On-disk format fixes#
The go-filesystems/btrfs and go-filesystems/zfs libraries were
originally written against their own Format() output and never
validated against mkfs.btrfs / zpool create. The first time
cloud-boot pointed them at real-world fixtures, fourteen format
mismatches surfaced. This page lists every one with the kernel /
OpenZFS reference.
How they were found
Each bug below was discovered by generating a real test fixture
inside a Lima Debian 12 VM (with btrfs-progs or
zfsutils-linux + zfs-dkms for the kernel module), then
pointing the upstream lib at it and tracing why it failed.

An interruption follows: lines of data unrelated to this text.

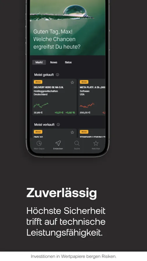 • Im Bereich “Entdecken“ stellen wir Ihnen verschiedene Wertpapiere vor, wie die am meisten gekauften und verkauften.
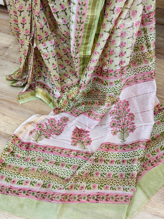 HARITHA : HAND BLOCK PRINTED MAHESHWARI SILK COTTON SAREE
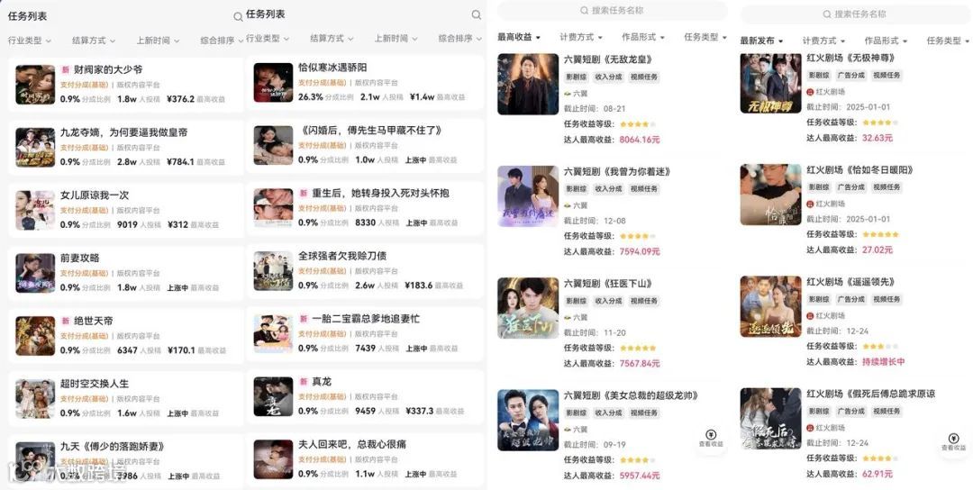 达人之外,抖音快手等短视频平台、第三方短剧分发App也给素人创作者“开源”,只要满足1000粉条件就能领取任务,创作者按比例分成,通常在0.9%到26.3%不等。以去年的一部爆款短剧《闪婚后,傅先生马甲藏不住了》为例,在小程序推广计划里有1.9万人投稿,个人最高收益1.1万。
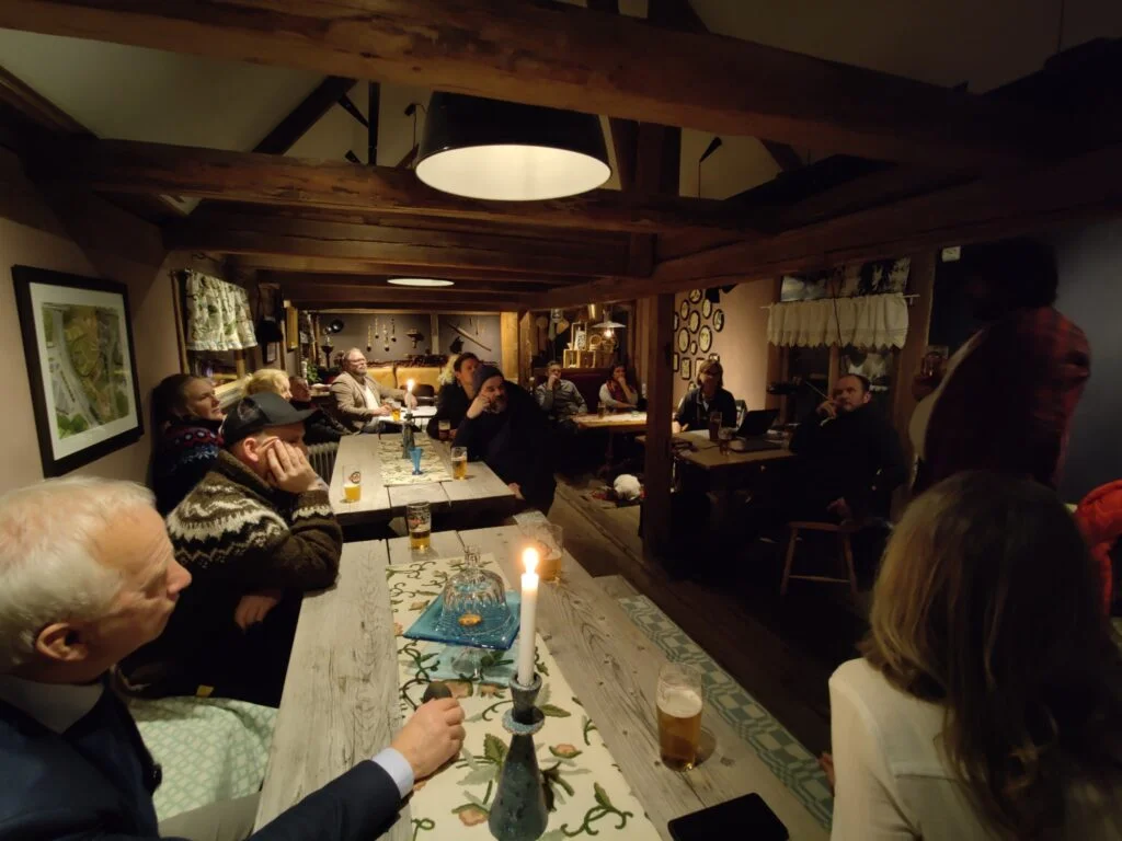 Kvällen fortsatte med ett besök hos en flitig entreprenör i Trondheim, Traditionsbygg i Trondheim AS, som har arbetat med kulturhistorisk bebyggelse i snart 2 decennier. Ägaren Torgeir Moslet och Jorunn, som driver Målarsvenneriet sedan 2006. De har en fantastisk gård, Saxenborg, strax innan Trondheim med gamla anor och de har verkstäder, välsorterad byggnadsvårdsbutik samt PUB på gården!
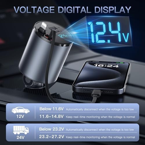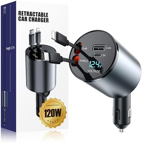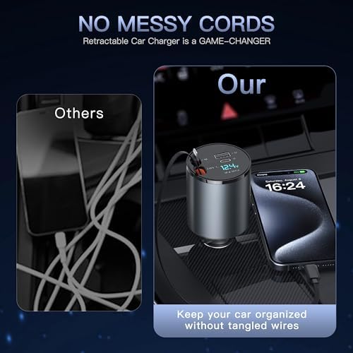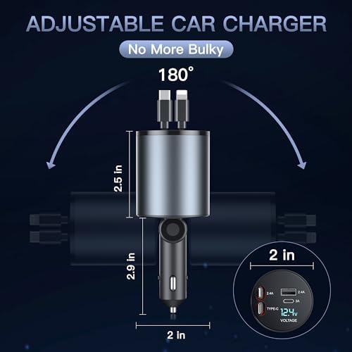 ðãRetractable Charging CablesãOur car charger has 2 retractable charging cables, Type-C and lighting cables, with a freely retractable length of 2.7 feet. You could have fast charging in the back seat,Keep your car tidy.
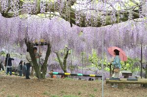 広大な敷地に広がる色とりどりのフジの花
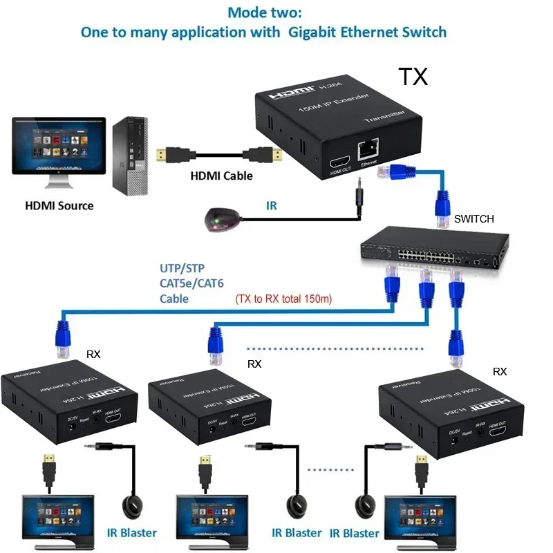 Comprar Extensor IP HDMI de 150M a través de red Ethernet RJ45 Cat5e Cat 6 7 Cable a través del interruptor 1 transmisor a receptor múltiple para PS4 portátil TV
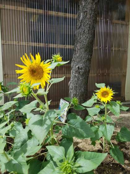 「いきいきガーデン」のミニひまわりが咲き始めました。
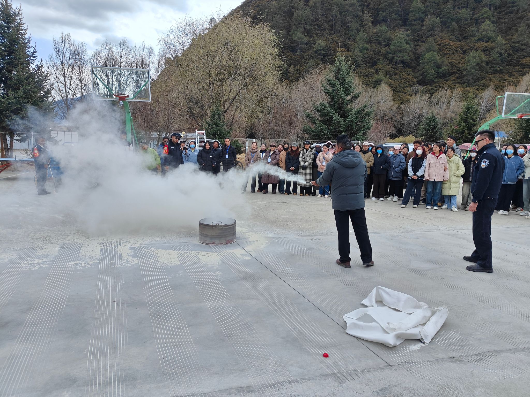 随后校保卫处副处长贡嘎对演习作出总结并提醒同学们在外住酒店时要留意楼梯以及微型消防站的安全指示牌位置。例举了多起学校起火的案例,警示大家不要在宿舍使用大功率电器。
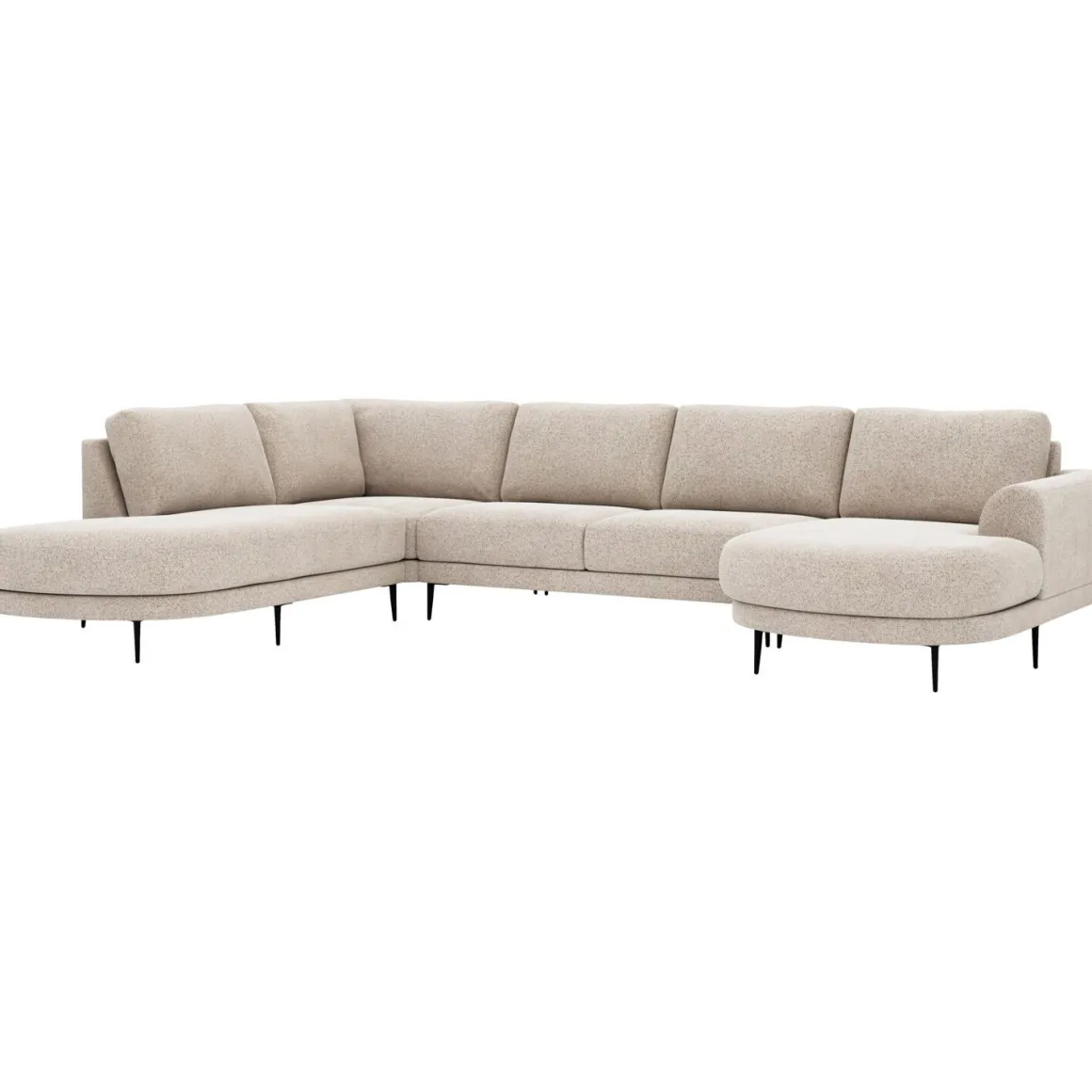 | Uitvoering | 1 zits met eiland rond links + hoekelement + 2,5 zits zonder armen + chaise longue rond arm rechts uitgevoerd in stof macan 102-ecru met een toplaag van traagschuim in de zitting, HR-koudschuim met een afdeklaag van siliconenvlokken en donsveren in de rug en zwarte metalen poten, type M-14 (15 cm). |

Fixtures live in mock/pkg/go-filesystems/{btrfs,zfs}/testdata/raid/.
btrfs — 3 fixes#
1. chunkStripeSize was 0x60, real on-disk size is 0x20#
Reference: include/uapi/linux/btrfs_tree.h struct btrfs_stripe.
struct btrfs_stripe {
__le64 devid; // 8 bytes
__le64 offset; // 8 bytes
u8 dev_uuid[BTRFS_UUID_SIZE]; // 16 bytes
} __attribute__((packed)); // total: 32 bytes
The lib's superblock.go had chunkStripeSize = 0x60 (96 bytes).
That self-consistent over-allocation worked for the lib's own
Format() output but mis-aligned every multi-stripe chunk on real
images. Fixed: chunkStripeSize = 0x20.
2. Node header layout off by 8 bytes#
Reference: include/uapi/linux/btrfs_tree.h struct btrfs_header.
struct btrfs_header {
u8 csum[BTRFS_CSUM_SIZE]; // 32 bytes
u8 fsid[BTRFS_FSID_SIZE]; // 16 bytes
__le64 bytenr; // 8 bytes — offset 0x30
__le64 flags; // 8 bytes — offset 0x38
u8 chunk_tree_uuid[16]; // 16 bytes — offset 0x40
__le64 generation; // 8 bytes — offset 0x50
__le64 owner; // 8 bytes — offset 0x58
__le32 nritems; // 4 bytes — offset 0x60
u8 level; // 1 byte — offset 0x64
}; // sizeof == 0x65
The lib's btree.go:parseNodeHeader was reading nritems at
offset 0x58 (uint32) and level at 0x60 (byte) — collapsing
the 8-byte owner field. Real OpenZFS has them at 0x60 and
0x64. Fixed.
3. root_item.bytenr read at offset 0#
Reference: include/uapi/linux/btrfs_tree.h struct btrfs_root_item.
btrfs_root_item layout:
0x00 struct btrfs_inode_item inode (160 bytes)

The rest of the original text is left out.